DATASET SECTION START
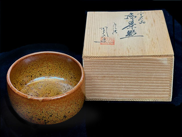 - 茶道具●抹茶碗●九谷焼●銘あり「陶庄造」●錆色●桐箱入り
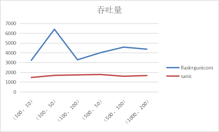 图片表明sanic+uvicorn的吞吐量明显的低于flask配合gunicorn;
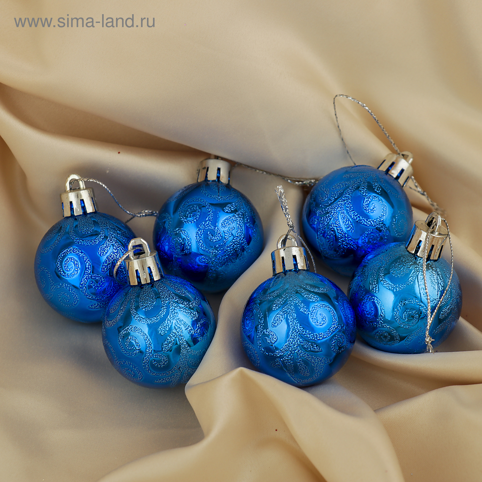 Ёлочные игрушки «морозная зима», шары новогодние, D=4 см, набор 6 шт., синий
DATASET SECTION END
→ WHAT IS EXPECTED
Take the line with "图片表明sanic+uvic" and each line after it through the end of the material above, and reproduce them exactly, both ends included, without pictures.

→ EXPECTED OUTPUT
 图片表明sanic+uvicorn的吞吐量明显的低于flask配合gunicorn;
 Ёлочные игрушки «морозная зима», шары новогодние, D=4 см, набор 6 шт., синий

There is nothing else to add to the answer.